Incredible. I didn't even realize that. Is that true?

/pd [PersonRank 10]

17 years ago #

>> Hmm. From a link in next year's post:

aay where's the linky ?? any chance of dropping it here.. seems to be a lot of disinformation efforts in progress too.... if so... that's a nice catch Roger B!!

Philipp Lenssen [PersonRank 10]

17 years ago #

The other link Roger mentioned was just satirical.

Stephan Locher [PersonRank 9]

17 years ago #

For years we are now talking that this sort of censorship isn't what we like and nothing happens.

What possibilities we have to not only talk but (re)act.

-For example we could actively start using other search engines for one day each time google has censored something and only use google for searchs like "Censorship is bad", "Censorship is evil"
-Customers of Google AdWords could remove the code for a week.
-Advertisers should immediately stop their AdWords campagn and if some sales rep calls them why they did so start a long talk about free speach and censorship. Even if the sales rep tells you he has no influence about this topic don't stop talking. If he has a longtimed call with you and you still didn't restart your campaign his supervisor asks why and eventually this will go up in the headquarter.
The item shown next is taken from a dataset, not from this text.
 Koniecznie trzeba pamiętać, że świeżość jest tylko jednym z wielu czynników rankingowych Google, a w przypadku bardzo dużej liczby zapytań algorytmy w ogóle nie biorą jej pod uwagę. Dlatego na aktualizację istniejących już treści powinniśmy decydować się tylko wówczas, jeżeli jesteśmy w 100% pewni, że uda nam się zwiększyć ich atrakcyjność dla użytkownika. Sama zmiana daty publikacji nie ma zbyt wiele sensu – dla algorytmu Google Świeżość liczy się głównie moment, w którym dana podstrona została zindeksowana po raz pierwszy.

I'm sure there are a lot more ways to act. If just one man react then he can be called an idealistic fool but if a significant number of customers who make the revenue of a company join the protest we are making the world a better place I think.

Nowadays we are lucky that journalist or PR-Reps tell us if there is some censorship in place. But what would be if some government shut them down or even worser fake the blogs?
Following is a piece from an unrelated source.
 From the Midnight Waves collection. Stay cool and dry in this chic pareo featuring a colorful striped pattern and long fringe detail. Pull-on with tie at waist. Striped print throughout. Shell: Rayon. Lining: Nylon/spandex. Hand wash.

Someone could write a web service(Or stand alone application because the result of this service could be proxied too) which compares the result of a google map(Or other) search with the results some days ago. Then we would see some change because of censorship. As a nice side effect we know also when the map data is updated ;-)

Philipp Lenssen [PersonRank 10]

17 years ago #

> For example we could actively start using other search
> engines for one day each time google has censored
> something and only use google for searchs like "Censorship
> is bad", "Censorship is evil"

To which search engine do you want to switch? Yahoo, for example, is even worse when it comes to working together with the Chinese government.

> Customers of Google AdWords could remove
> the code for a week

A couple of people tried that:

Most of all, I hope Chinese users will always go to, and never to, and in instances where they can do this without getting harmed, communicate their protest over censorship to Google. But they are risking their lifes if they do protest, so in most cases, it's more realistic for those outside of China to spread the word.

Stephan Locher [PersonRank 9]

17 years ago #

I forget always the name but its vivisimo or somtething like this. (Quick google search revealed it's

This is the only competitor known to me which has some inovative ideas in search technology and the result could be better as the ones google is offering.